Saint François utilise aussi deux autres qualificatifs pour décrire l’eau. Il la dit ‘précieuse et chaste’… «C’est la deuxième fois, écrit Éloi Leclerc, que nous rencontrons dans ce cantique le qualificatif ‘précieux’. La première fois il était accroché aux étoiles. Quelque chose de l’éclat des étoiles se retrouverait-il dans l’eau? Il arrive que sœur l’Eau, rivalisant avec le ciel étoilé, scintille comme pierres précieuses. Mais n’est-il pas étrange que François, le pauvre absolu, rêve ainsi de substances précieuses au ciel et sur la terre! Il rêve d’étoiles précieuses et d’eau précieuse! De sa part, la répétition d’un tel qualificatif, à quelques lignes d’intervalle seulement et à propos de réalités aussi différentes, appelle toute notre attention… Pour François, une matière précieuse est une matière susceptible de symboliser le sacré.»
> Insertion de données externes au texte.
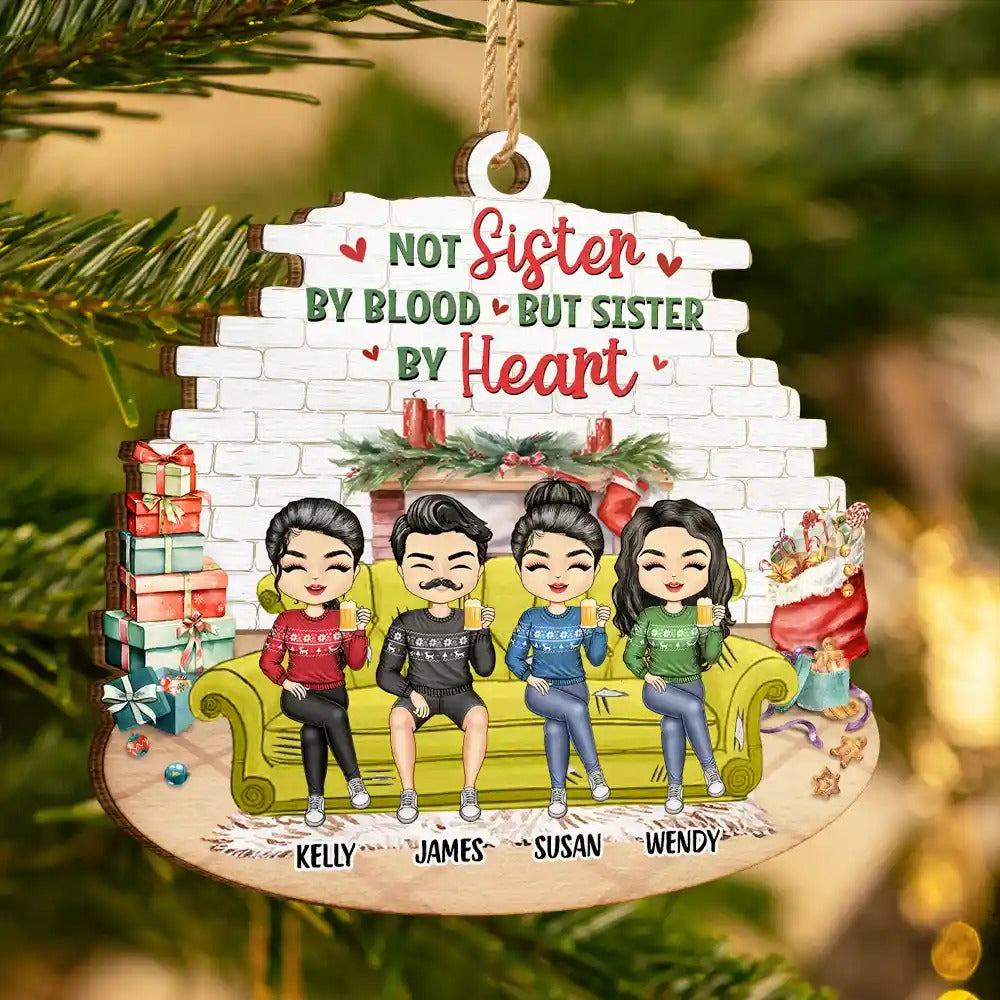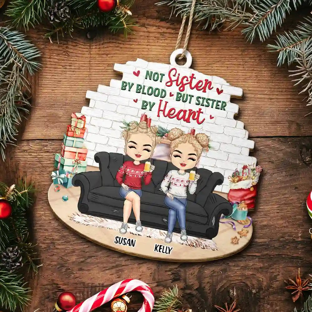 Not Sisters By Blood But Sisters By Heart Besties - Personalized Custom Shaped Wooden Ornament

«On ne doit pas, dès lors, s’étonner de voir ce qualificatif ‘précieux’ associé à celui de ‘chaste’ dans l’image de sœur l’Eau. Les deux attributs vont dans le même sens… L’eau précieuse est une eau vive. Et cette eau vive jaillit des profondeurs inviolées, d’une source cachée, sacrée… L’eau vive a toujours une source plus profonde que le puits le plus profond. C’est une source sans contact avec le monde extérieur, une source intacte, vierge, sacrée.»
Et vous, les eaux par-dessus le ciel, bénissez le Seigneur. Et vous, océans et rivières, bénissez le Seigneur: A lui, haute gloire, louange éternelle!